Différents arguments s’opposent à cette conception très négative de la protection sociale. D’abord, en évitant la marginalisation des plus pauvres et leur sortie durable du système productif, la protection sociale permet de renforcer les potentiels de croissance. Ensuite, en limitant les tensions sociales, elle instaure un climat favorable à la prise de décisions politiques et économiques, même difficiles, ce qui peut améliorer les perspectives de développement durable (Sala-i-Martin, 1996). Enfin, les mécanismes de marché sont défaillants à certains égards, notamment en matière d’assurance contre la perte d’emploi, de revenu et la protection sociale joue un rôle important à ce niveau. En couvrant un certain nombre de risques, elle peut encourager l’esprit d’entreprise et le développement de certains investissements, comme par exemple l’investissement dans de nouvelles technologies (Ahmad et al. 1991, Hubbard et Judd 1998). Autant d’initiatives dont la croissance profite. Une économie de marché ne permet pas non plus de résorber les inégalités, ni d’éviter leur reproduction et s’est au modèle social d’assurer l’égalité des chances. La reproduction des inégalités devant l’école est par exemple encore très forte, ce qui peut conduire à un sous-investissement en capital humain dommageable à la croissance. La question centrale est toutefois la raison de cette reproduction sociale : est-ce un effet de capital culturel ou économique ? Goux, Maurin (1999) ont avancé que la pauvreté des parents est le facteur principal pour expliquer le retard scolaire et l’arrêt précoce des études. Cette idée pourrait alors de justifier l’existence d’un revenu de transferts pour les parents les plus pauvres afin de limiter le sous-investissement éducatif.
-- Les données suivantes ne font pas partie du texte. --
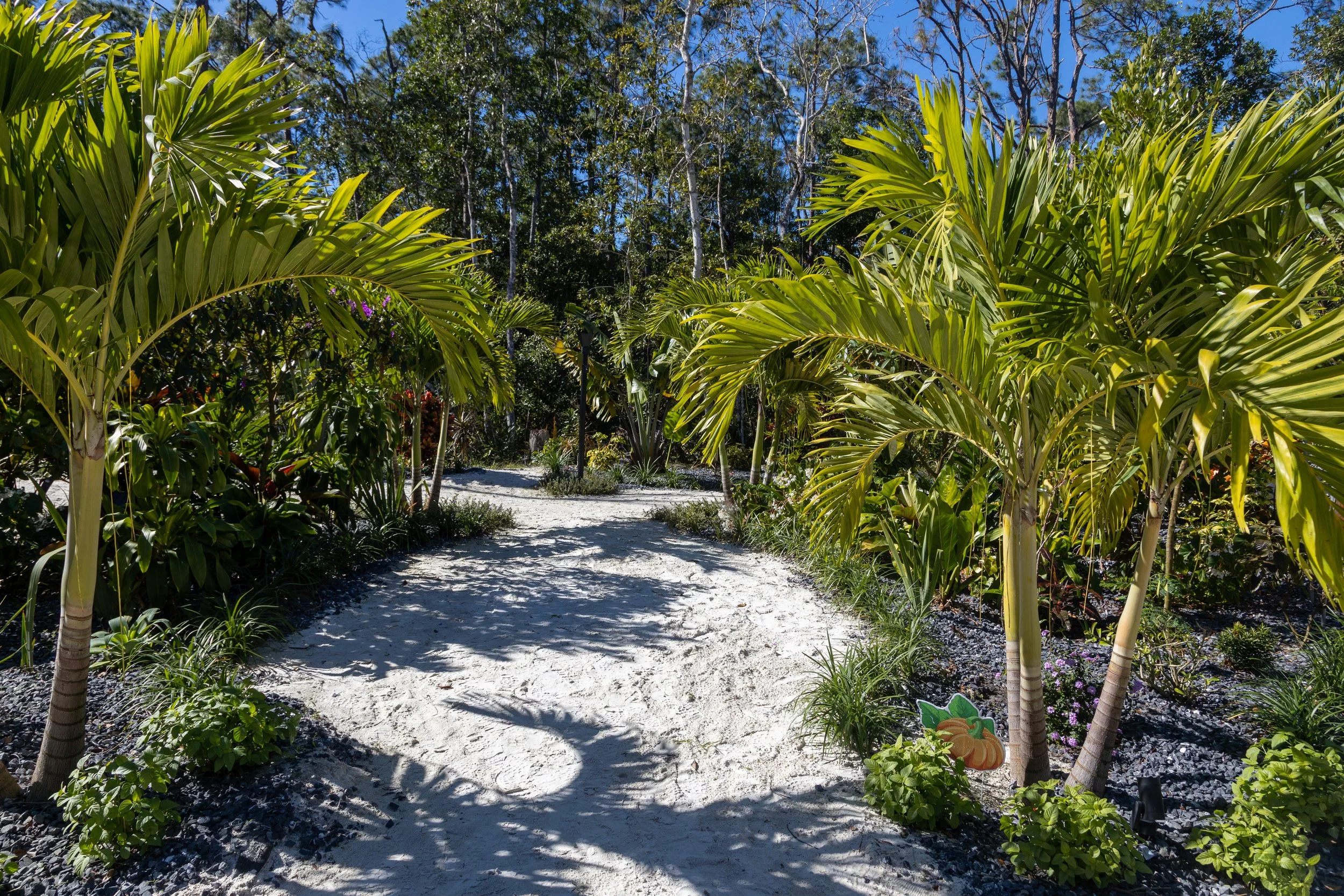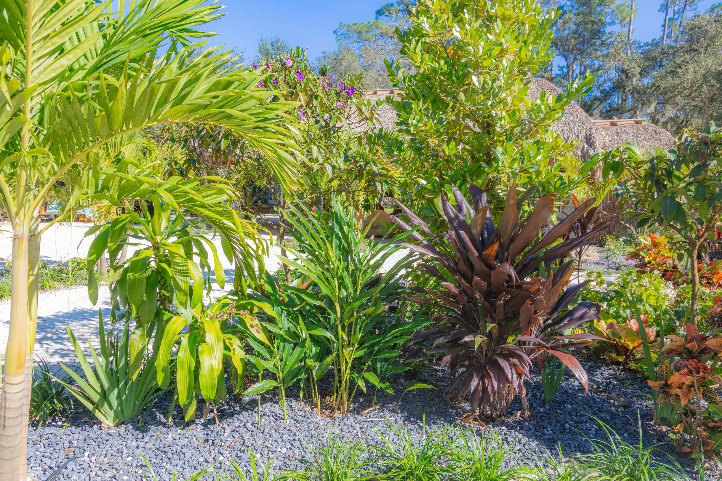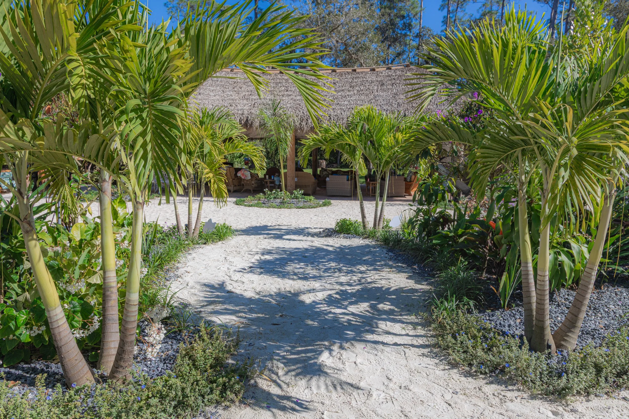 Barefoot paths, tropical textures, and a handmade tiki at the heart of it all.

Au total, se dégage l’idée que les dépenses sociales peuvent favoriser la croissance si d’une manière ou d’une autre elles sont réinvesties dans des facteurs productifs accumulables. Globalement, il est donc difficile de savoir quel est leur effet sur la croissance, toutes n’ayant pas vocation à être directement réinvesties dans le système productif (les dépenses de santé et celles à destination des personnes âgées, par exemple). Et les travaux empiriques sur ce thème ne sont pas d’un grand secours. Atkinson (1999) souligne en effet que les études abordant ce sujet, à un niveau très agrégé, ne permettent pas de conclure. Ces études mélangent souvent des pays par trop hétérogènes pour aller au-delà du simple constat que les dépenses sociales sont relativement plus élevées dans les pays riches que dans les pays pauvres. Et celles qui s’appuient sur des groupes de pays plus homogènes (les pays de l’OCDE par exemple) concluent tantôt à un effet positif des dépenses sociales sur la croissance, tantôt à un effet négatif, certaines ne trouvant aucune relation (Parent, 2001).

Un travail récent de l’OCDE met en évidence un effet négatif mais modéré (Arjona, Ladaique et Pearson, 2001). C’est surtout la décomposition de cet effet qui est intéressante. Les dépenses sociales ne peuvent être réduites à autant de prélèvements pesant sur les agents, elles ont essentiellement un aspect redistributif. Isolant cette dimension, les auteurs montrent qu’elle n’agit pas négativement sur la croissance et l’argument consistant à dire que les prestations sociales peuvent avoir des effets désincitatifs importants sur les bénéficiaires ne trouve pas ici de validation empirique. Un autre aspect intéressant de cette étude est qu’elle isole dans les dépenses sociales, celles correspondant aux politiques du marché du travail (dépenses de formation) ou destinées à rendre le travail rémunérateur pour tous ainsi que les dépenses visant à faciliter la reprise d’activité (comme par exemple, la prise en charge des gardes d’enfants ou de personnes âgées). Les auteurs montrent alors que cette catégorie de dépenses participe d’une croissance plus dynamique.

On retrouve donc l’idée que l’impact des dépenses sociales sur la croissance dépend de la nature et de l’objectif poursuivi par ces dépenses. L’ensemble de ces dépenses recouvre une diversité d’objectifs telle qu’il semble difficile d’apprécier globalement leur impact sur la croissance.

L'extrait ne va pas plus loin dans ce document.